The instance methods .isOk() / .isErr() / .isDefect() return boolean and do not narrow. The standalone isOk(r) / isErr(r) / isDefect(r) functions do narrow. The dual API is a sharp, repeat-bite footgun — especially for codebases migrating from neverthrow, where the methods narrow.

Where

isOk(): boolean;
isErr(): boolean;
isDefect(): boolean;

vs the standalone guards:

declare function isOk<T, E>(r: Result<T, E>): r is OkView<T, E>;
declare function isErr<T, E>(r: Result<T, E>): r is ErrView<E, T>;
declare function isDefect<T, E>(r: Result<T, E>): r is DefectView<T, E>;

Why it matters

The natural, neverthrow-shaped pattern silently fails to compile away the other variants:

if (result.isErr()) {
  result.error; // ❌ not narrowed — `.error` not accessible
}

In a downstream consumer this is the single most-repeated mistake (it's documented as a "common mistake" in that repo's agent rules, and a code-review bot flagged a doc example that misused .isErr() as a guard).
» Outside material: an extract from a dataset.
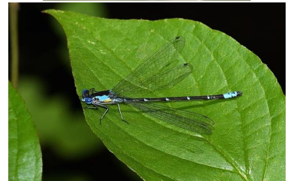
Photos: top, Royal River Cruiser ( Macromia taeniolata), bottom, Aurora Damsel ( Chromagrion conditum)

Anyone coming from neverthrow walks straight into it.

Proposal

Type the methods as type predicates so they narrow on their own:

isOk(): this is OkView<T, E>;
isErr(): this is ErrView<E, T>;
isDefect(): this is DefectView<T, E>;

This collapses the two parallel APIs into one and eliminates a whole class of mistakes. If there's a deliberate reason to keep the methods non-narrowing (e.g. steering users toward exhaustive match), documenting that rationale next to the standalone guards would at least make the split intentional rather than surprising.